In a recent decision that has garnered media attention, the Supreme Court of British Columbia concluded it was without jurisdiction to hear claims brought against the Canadian Football League (CFL), its teams and various individuals relating to concussions alleged to have occurred to a former professional football player, as all of the matters in dispute arose under a binding collective bargaining agreement.
Arland Bruce commenced a civil court action for negligence, failure to warn and negligent misrepresentation, seeking substantial damages against the CFL teams and other defendants for an alleged failure to provide safe working conditions and protect his health and safety during his years as a professional football player. Specifically, Mr. Bruce alleged that he was knocked unconscious and suffered a concussion during a game for the BC Lions on September 29, 2012, and that the BC Lions and Montréal Alouettes teams were negligent in allowing him to return to play in the Western Division Final on November 18, 2012 (BC), and throughout the 2013 season (Montréal), and that they misrepresented and failed to warn him of the dangers of continuing to play professional football.
As in Ontario, the relevant BC and Québec labour legislation provides labour arbitrators with exclusive and broad remedial jurisdiction to interpret and apply the terms of a collective agreement under a mandatory grievance and arbitration process, which is binding on the employer, the union and employees. Accordingly, the CFL and the teams brought an application to have the claim removed from the courts and struck out on the basis that the courts did not have jurisdiction to hear the case. They argued that the alleged claims were governed by the terms of his Standard Player Contract (SPC) and the applicable collective agreement, and therefore, pursuant to established Supreme Court of Canada case law, they were within the exclusive jurisdiction of a labour arbitrator – not the courts.
In response, Mr. Bruce argued that the statutory regimes that typically grant labour arbitrators exclusive jurisdiction over such disputes were inapplicable to the CFL due to the unique nature of the collective bargaining relationship, among other things.
The Court rejected this argument and accepted the position of the CFL, the teams and the other defendants. It concluded that Mr. Bruce’s claims arose under the collective agreement, and therefore, must resolved through the grievance and arbitration process. The Court struck out his claim in its entirety.

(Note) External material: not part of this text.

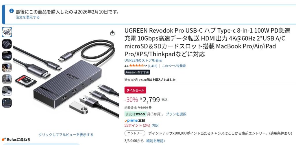 一つだけ注意点を挙げるなら、購入タイミングです。通常価格だと約4,000円程度になるので、30%オフなどのセール期間に買うのが賢いです。UGREENは比較的頻繁にタイムセールをやっているので、Amazonのほしいものリストに入れておいて価格をウォッチしておくといいですよ。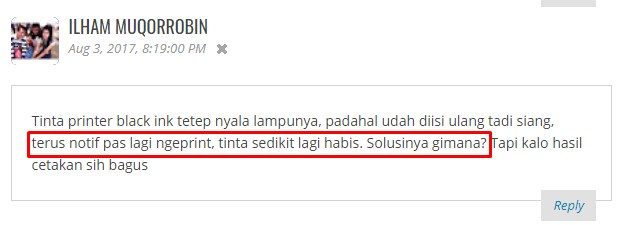 Tinta printer black ink tetep nyala lampunya, padahal udah diisi ulang tadi siang, terus notif pas lagi ngeprint, tinta sedikit lagi habis. Solusinya gimana? Tapi kalo hasil cetakan sih bagus

In reaching its decision, the Court concluded that the dispute related to matters of health and safety, and specifically, whether the CFL or the teams that Mr. Bruce had played for had taken steps to ensure his health and safety in carrying out the duties they allegedly owed to him. More particularly, the Court determined that the substance of Mr. Bruce’s claim fell within the scope of the provisions of the collective agreement addressing player safety and player equipment. It further found that the language of the arbitration provisions required disputes between a player and his team and/or the CFL, like that involving Mr. Bruce, to be finally and conclusively settled through the grievance and arbitration process, even if not all of the parties are bound by the collective agreement.
The Court expressly rejected Mr. Bruce’s argument that the wording in the relevant provisions – i.e. that a dispute “may be submitted to arbitration” and that a grievance “may be initiated” – made the grievance and arbitration procedure optional or non-exclusive. Nor was the Court persuaded that a player’s ability to negotiate his personal compensation or certain other items in the SPC gave it jurisdiction over the case. Instead it found that the authority to negotiate these issues had been delegated by the CFL and CFLPA and had to be performed within the terms of the collective agreement.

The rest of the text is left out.